Ady Barkan, a 35-year-old Yale Law School graduate who is dying from ALS, made a poignant plea for Medicare for All at Congress’ first hearing on a single-payer proposal in more than a decade.
His testimony touched on the myriad flaws of private insurance: high administrative costs, growing out-of-pocket expenses, endless bureaucratic hassles, and the restrictions even adequately insured patient like himself face in obtaining necessary care.
Yet his young family’s biggest problem, other than the sad fact that there is no cure or treatment for his debilitating disease, is the nation’s lack of a long-term care program. “ALS means paying out of pocket for almost 24-hour home care,” he said. “It costs us $9,000 a month.”
How can he afford it? “GoFundMe is a terrible substitute for smart congressional action,” he said. “We have so little time left.”
GoFundMe for the long-term care of this fatally stricken person in the few remaining years of his life. In the richest country on earth.
The event was held in the tiny hearing room of the House Rules Committee, which, as Kaiser Health News pointed out, can’t advance healthcare legislation. House Speaker Nancy Pelosi has tipped her hand. M4A legislation isn’t going anywhere in this Congress and probably won’t in the next, even if Democrats win control of both the Senate and White House and retain control of the House.

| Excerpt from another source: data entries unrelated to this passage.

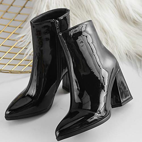AOGOTO Donna Wellington Ankle Boots Specchio a Punta in Pelle Laccata Party Booties Scarpe, Nero (Nero), 41 EU
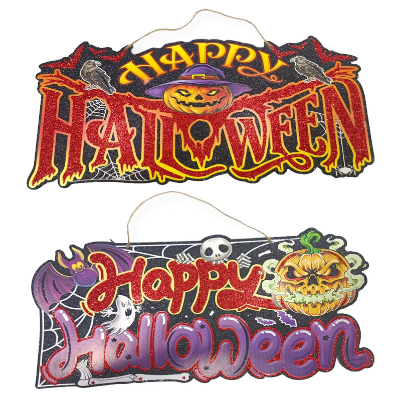 Cartel Adorno Aplique Puerta Happy Halloween con Brillo / Glitter / Gibré Modelos Surtidos Medida total: 40 cm x 18 cm aproximadamente
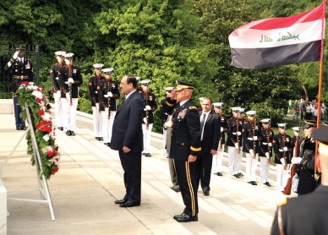 بحث رئيس الحكومة العراقية نوري المالكي الخميس في واشنطن البقاء المحتمل لقوات أميركية في بلاده بعد نهاية العام 2011، تاريخ الرحيل النهائي للجيش الأميركي عن العراق. وقال المالكي خلال كلمة ألقاها في «المعهد من أجل السلام» في واشنطن «طبقا للاتفاق (الموقع في نوفمبر/ تشرين الثاني بين البلدين) فإن الوجود الأميركي في العراق ينتهي العام 2011». وأضاف «مع ذلك، في حال تطلبت القوات العراقية المزيد من التأهيل والدعم، فسنبحث عندها (إمكانية إبقاء) جنود أميركيين طبقا لحاجات العراق».
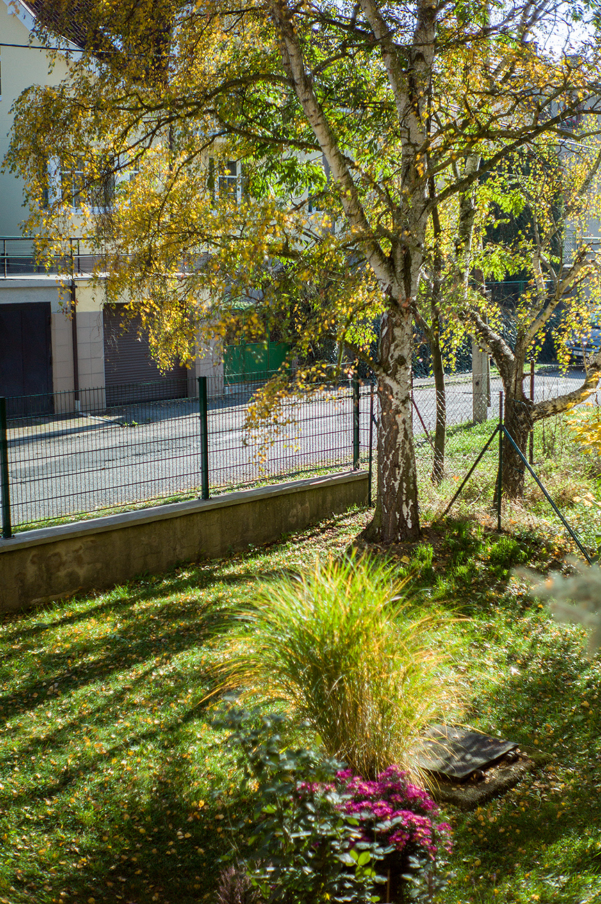 Takže také jeden takový pokus. Zatím jenom z okna. Ostřeno na kmen stromu. ;)
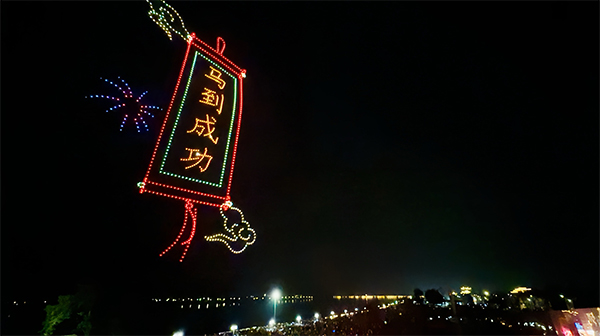 晚上8点,灯光渐暗,千架无人机缓缓升空,搭配爆闪装置和烟花特效,在空中勾勒出一幅幅精美画卷。国际竹编艺术博览馆、程夫人教子等画面依次呈现,将青神人文底蕴展现得淋漓尽致;青神萤宝、飞马腾空、“马年大吉”“马到成功”等新春元素闪亮夜空。最后,彩色流光勾勒的“我在青神等您”璀璨登场,向八方来客发出诚挚的新春邀约。
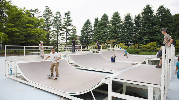 Komazawa Olympic Park — ikonischer kostenloser Skatepark: manny pads, quarter pipes, mini halfpipe. 10:00–19:00. FREE.
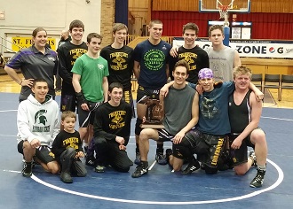 Frankfort defeated Fife Lake Forest Area and Traverse City St. Francis to claim the District. Freshman Kody Michel's win at 152 pounds decided the outcome in the 42-36 finale with St. Francis.
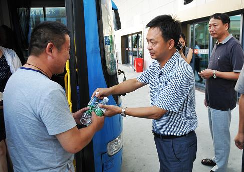 在西部客運樞紐停車場,凌董事長與職工們親切交談,詢問他們的工作狀態(tài)和身體狀況,并送上礦泉水和八寶粥。董事長熱忱表示,企業(yè)發(fā)展離不開一線工作人員的辛勤勞動,連續(xù)的高溫天氣給道路運輸增加了很大壓力,一線職工戰(zhàn)高溫、斗酷暑,非常辛苦,為企業(yè)做出了很大貢獻。他希望廣大職工繼續(xù)發(fā)揚艱苦奮斗的精神,確保車輛安全出行和準點發(fā)車,確保旅客平安往返。

One can imagine advancing significant healthcare legislation over the objections of one or two industry stakeholders. But given the united opposition of most providers, all insurers, the drug and device industries, and most employers—not to mention significant sections of the Democratic Party—it’s not going to happen.
But that doesn’t mean the debate is a waste of time. The Medicare for All bills advanced in the Senate by presidential candidate Sen. Bernie Sanders (I-Vt.) and in the House by Reps. Pramila Jayapal (D-Wash.) and Debbie Dingell (D-Mich.) include coverage of long-term care. With 10% of the population suffering from disabilities and half the baby boom generation entering retirement without significant assets, coming up with a national plan that works is long overdue.
Detractors say the cost would be enormous, with estimates ranging as high as several hundred billion dollars a year. Some of that would relieve states of their Medicaid obligations to help the destitute. But, as the Congressional Budget Office noted in a new review of single-payer options, “public spending would increase substantially … if everyone received long-term services and supports benefits.”
Still, an Associated Press-NORC Center for Public Affairs Research poll last year showed 76% of Democrats and 56% of Republicans favor a government long-term care program. No wonder. The private market for long-term care insurance has largely collapsed.
Most of the people who sign up wind up using the benefits while the relatively healthy and the well-to-do, who can self-insure, avoid its huge premiums. Private insurance for long-term care inevitably breeds a massive adverse-selection problem.
The Legislature in Washington, whose governor, Jay Inslee, is running for president, recently passed a universal long-term care plan financed with a payroll tax of about 0.5%. Its benefits would provide up to $36,000 a year for personal assistance, whether at home, in nursing homes or at assisted-living facilities.
Today, less than 10 million people have long-term care insurance, which is very expensive. The rest of the population relies on unpaid family caregivers or liquidating assets until they qualify for Medicaid. Talk about a death tax.
If single-payer advocates were smart, they’d break off the long-term care section of their bills, come up with a progressive, adequate tax to pay for it, and pursue it in this Congress. Why not show that single-payer can work for this crucial but missing benefit before trying it on the entire system?